Но каждое утро Кассандра переживала один и тот же кошмар пробуждения, когда с новой силой сознавала, как далеко она от Хоакина, что не увидит его черного пронзительного взгляда, который неизменно прожигал ее насквозь. И эти мысли пронимали ее до дрожи, до слез отчаяния, до пустыннического безмолвия.

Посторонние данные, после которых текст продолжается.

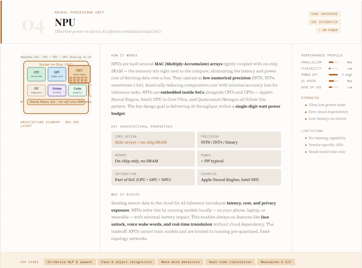 The NPU (Neural Processing Unit) is an AI accelerator designed specifically for efficient, low-power inference—especially at the edge. Unlike GPUs that target large-scale training or data center workloads, NPUs are optimized to run AI models directly on devices like smartphones, laptops, wearables, and IoT systems. Companies like Apple (with its Neural Engine) and Intel have adopted this architecture to enable real-time AI features such as speech recognition, image processing, and on-device generative AI. The core design focuses on delivering high throughput with minimal energy consumption, often operating within single-digit watt power budgets.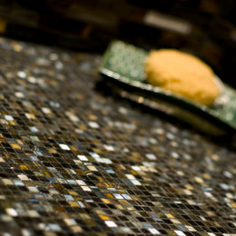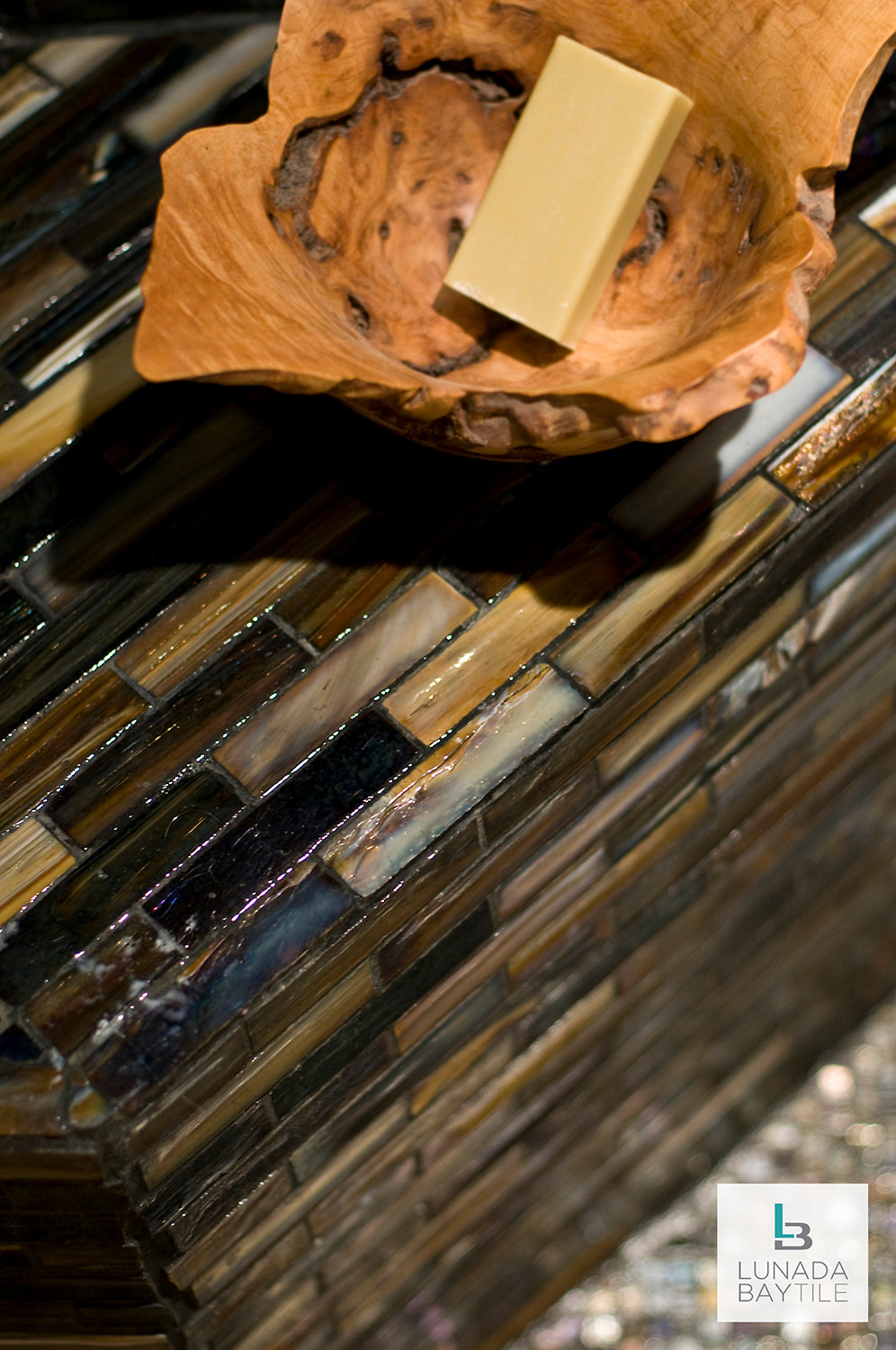 Shibui Raw Umber 1x4 Brick Wall & 1/2x1/2 Mini Mosaic Floor combined to make this shower.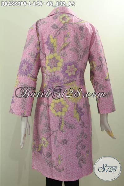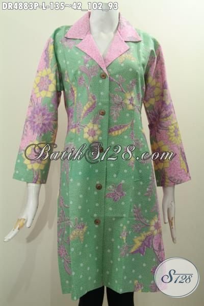 Di Jual Online Dress Istimewa Model Kerah Safari, Busana Batik Formal Buatan Solo Berbahan Istimewa Proses Printing Kombinasi Warna Pagi Sore [DR4883P-L]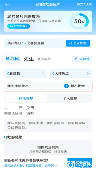 如果你是想在这里找工作也非常方便,这款鱼泡网找工作app官方版软件内有许多老板发布不同类型的工作,系统或根据你想找的工作类型、期望薪资、地点范围等方面为你筛选出合适的工作,在这里你可以和老板面对面线上交流,详细了解工作内容、工资待遇、工作时间等情况后再决定要不要接受这份工作,并且软件内是支持拍摄视频找工作的,你可以录下自己的工作瞬间,让老板看到你的工作能力,这样会更容易找到工作哟,有招工找工需求的小伙伴快来9亿软件站下载鱼泡网找工作app官方版吧!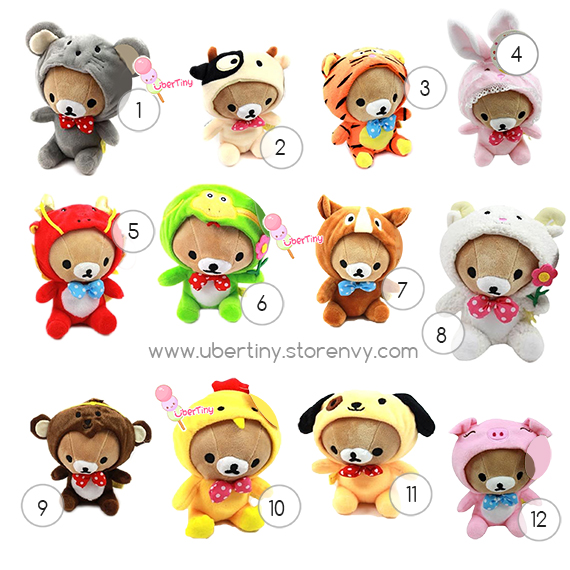Rilakkuma wears a kawaii animal suit featuring the following characters of the Yearly Zodiac: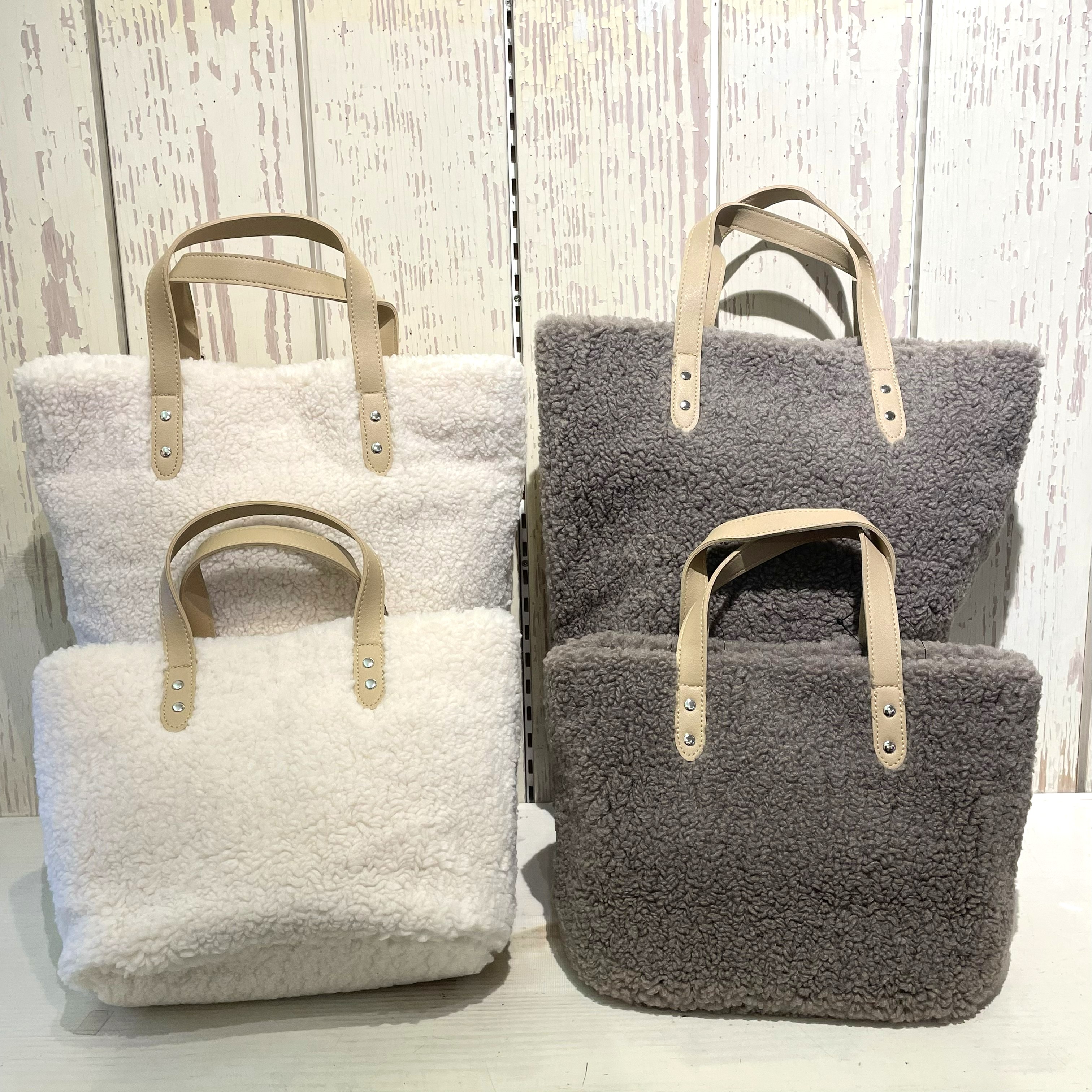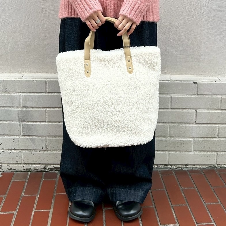 ふんわりあたたかい冬の着こなしにぴったりのボアトート。サイズは2サイズ展開でどちらも使いやすいサイズ感です。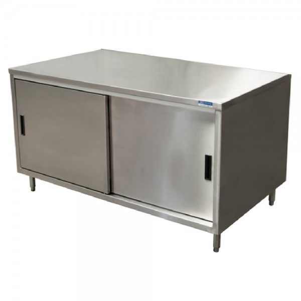 BK Resources, CST-3036S2, Dual Access Chef Table, cabinet base with sliding doors on both sides, 36"W x 30"D x 34-3/4"H, 14/304 stainless steel top, 18/304 stainless steel body, (1) set of doors on each side, 6” stainless steel legs with 1" height adjustment, stainless steel feet, NSF (3-10 day lead time)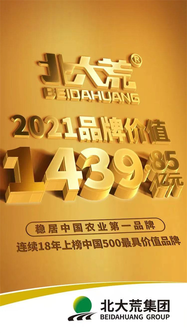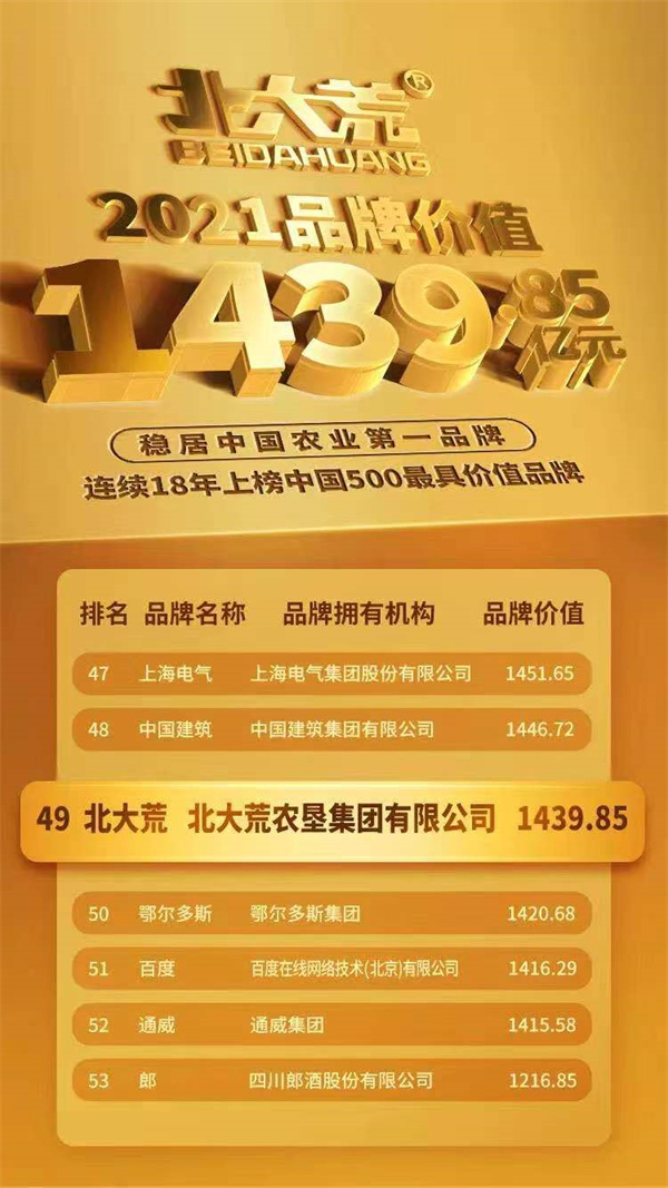 6月22日,由世界品牌實驗室(World Brand Lab)主辦的2021 年(第十八屆)世界品牌大會暨 2021 年(第十八屆)《中國 500 最具價值品牌》發佈會在北京中國大飯店舉行,會上發佈了2021年《中國500最具價值品牌》分析報告。北大荒農墾集團有限公司持有的「北大荒」品牌價值達1439.85億元,榮登《中國500最具價值品牌》排行榜第49位。

И только часы сна оставались ее отрадой. В них она по-прежнему жила в окружении его виноградников на вершине облюбованного солнцем вечнозеленого холма. В доме, в который Хоакин возвращался каждый вечер, расслабив узел галстука, расстегнув ворот рубашки. Таким она ждала его каждый вечер, таким он и являлся в ее снах. И она вновь могла делить с ним постель, дарить ему свою любовь, упокоиться в его объятьях, ловить мгновения его ласковости. И настолько живо это было в ощущениях, что, казалось, кожа горит от его неистовых поцелуев и тело ноет от бурных метаний.
Так за минуту до пробуждения она была самой счастливой женщиной на свете.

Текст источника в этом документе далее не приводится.